Yes, Darius. Stop your protests: his fame is entirely deserved. He’d be the finest comic creation for ages, if it weren’t for the fact that he’s real. Last week’s interview in which he described his plan to dive headlong into the shallow world of fame and materialism ‘to see if I can change it (slow blink, loaded pause) and if I can’t … at least I’ll know I tried’ is unlikely to be topped as the laugh-outloud-moment of the year.
It’s a crying shame he’s gone, but hooray: your suggestions for band names continue to flood in. Top ten from the mailbag this week: 10) Queens of the Stone Deaf, 9) Cliché and the Sunshine Brand, 8) Processed Cheese, 7) Ploy Division, 6) … And You Will Find Us In the Bargain Bin, 5) Boxfresh Gibbon Kidz, 4) Freebase Aspartame, 3) Dad Erector – but sitting pretty at the top of the pops, two suggestions culled from a genuine press release regarding official Popstars merchandise, which arrived alongside your fictional entries: ‘… Amongst the companies keen to exploit the band’s inevitable popularity is Character Options, who have been appointed exclusive distributors of the Popstars dolls. Faceless dolls will be unveiled at the largest toy trade show of the year … the dolls will appear in their official outfits but remain faceless until the final band line-up is revealed.’
Can’t argue with that: so at number 2) it’s Character Options, and at number 1) – in with a bullet! – Faceless Dolls.
Pick a favourite: vote now.
‘You’re watching Breakfast’ [10 February]
Never trust a morning person. Anyone who leaps out of bed with a smile on their face and a spring in their step is deranged. And breakfast television is aimed at these lunatics. It must be: who the hell else has time to watch TV in the morning? Most of us are still in bed, pawing blearily at the snooze button until it’s too late to procrastinate further and we have to head bogwards for the first and darkest piddle of the day.
Here’s the ideal breakfast TV show, one that would work brilliantly on that 14-inch portable at the base of your bed: an abstract collage of soothing shapes and colours undulating in time to some muffled ambient throb, suddenly interrupted half an hour later by a maniac with a foghorn shrieking ‘LATE FOR WORK!’ at the top of his voice.
But that isn’t on, so what are your options?
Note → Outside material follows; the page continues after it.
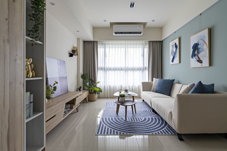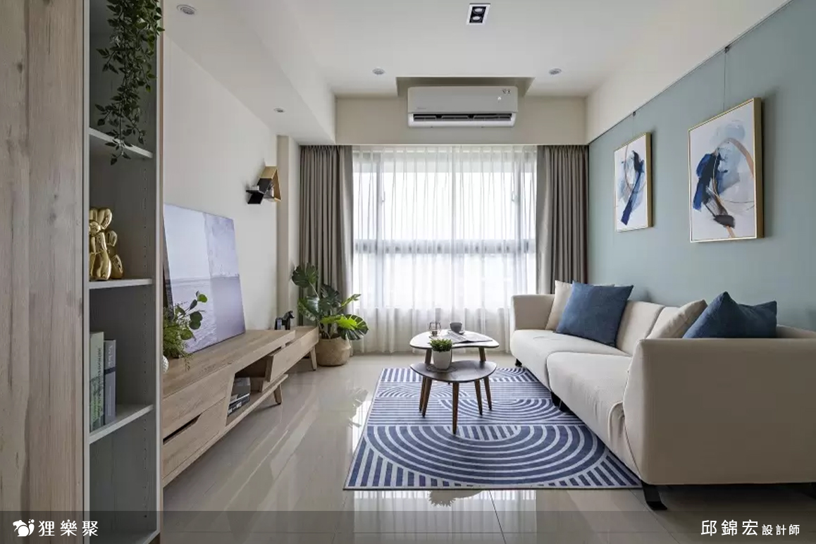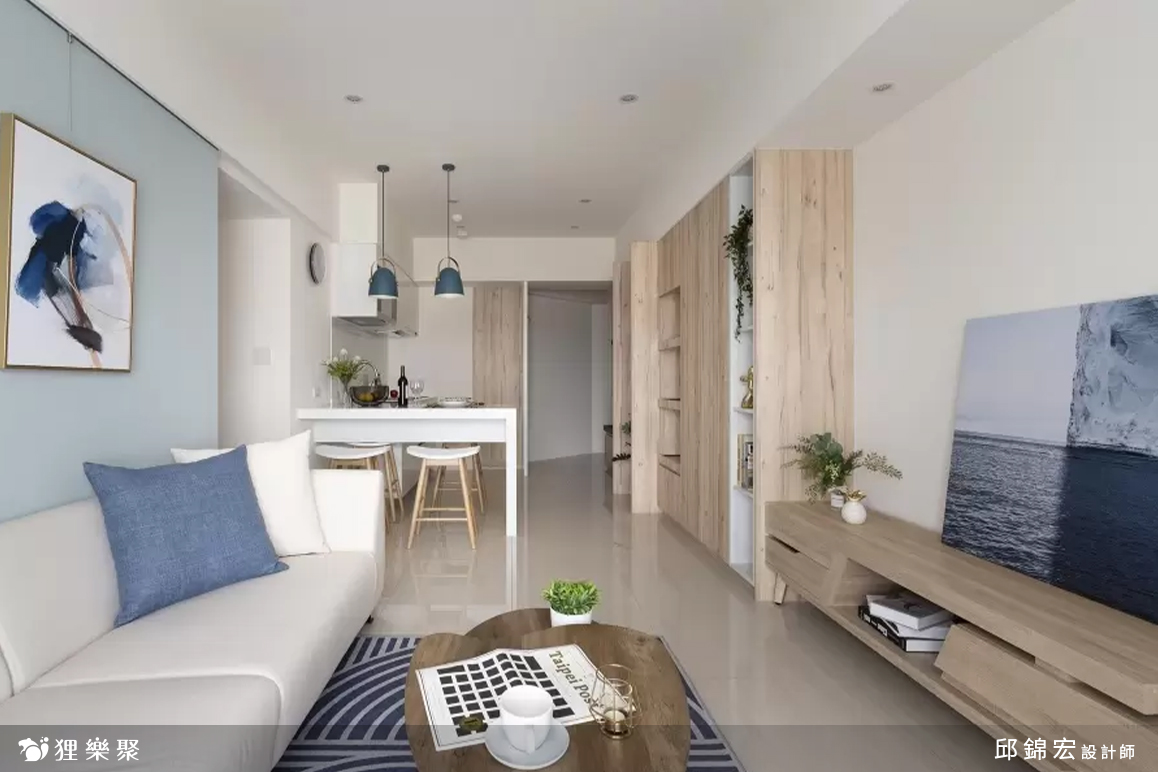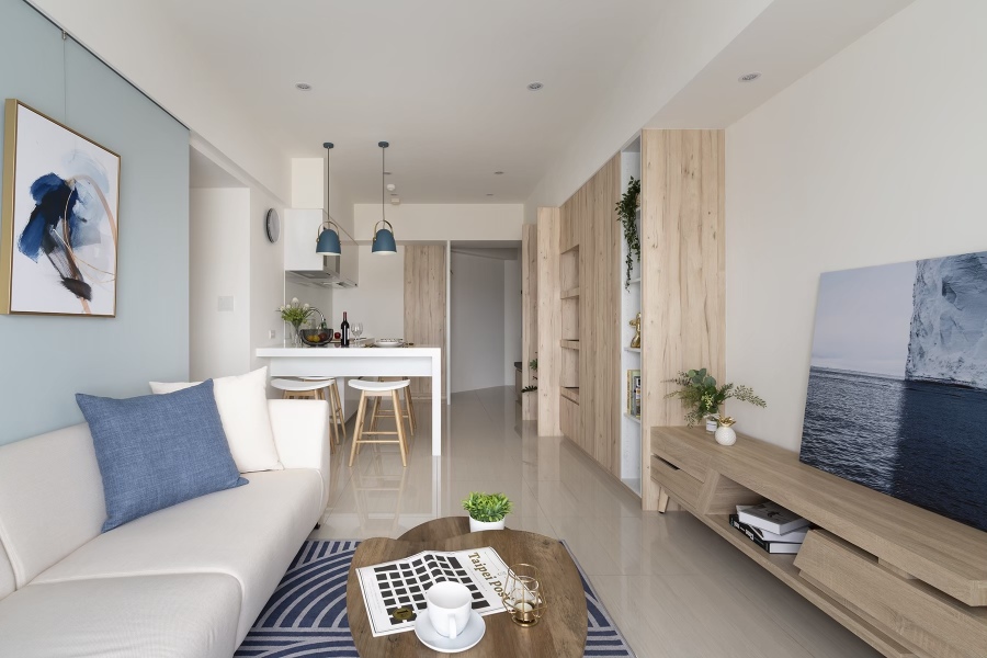 以木紋傢俱替北歐風的空間作點綴,如電視櫃、客廳茶几、餐椅等等,和木紋色調的系統櫃彼此相互呼應,搭配些許植栽,自然的元素讓空間活力與沉靜並存。

Well, BBC1 has a rolling new programme called Breakfast. Not ‘Breakfast News’, or ‘Breakfast Report’, or ‘Breakfast Briefing’: just Breakfast – which means the presenters sometimes
say, ‘Good morning, you’re watching Breakfast.’ Weird.
It gets weirder: Breakfast is described as a ‘relaxed’ current-affairs show – which means you’re confronted with newsreaders sitting on a sofa. Newsreaders who smile and want to be your friend. They grin a parental grin as you stumble into the room, still dazed from dreamland, blinking, yawning, and scratching at your hair. Look! They’ve poured you a mug of coffee and fanned the day’s papers across the table. They’re watching you with the serene patience of cult members.
‘Hello. Hope you slept OK. You did? Hey, that’s great!’
You notice the breezy colour scheme and the onscreen clock in the corner. The one that tells the time in that typeface, that impersonal font the brand-conscious Beeb use for everything these days. Your hosts pause and emit a loud cough.
‘Um. Now, look – we don’t want to worry you, but there was a bit of Armageddon while you were slumbering.’
Armageddon? ARMAGEDDON?
Reassuring smile.
‘Yes! Isn’t it exciting?’
No – God, no! Don’t let this happen. We don’t want laid-back newsreaders flopping about on sofas, cutting us knobbly slices of rustic bread. It isn’t right. We want stern-faced Peter Sissons types sitting bolt upright and staring straight through our skulls, booming information like a 500-foot Tannoy of the Apocalypse. Unless there’s a major news event billowing, you’d have to be crazy to watch Breakfast voluntarily. It’s just too bloody creepy.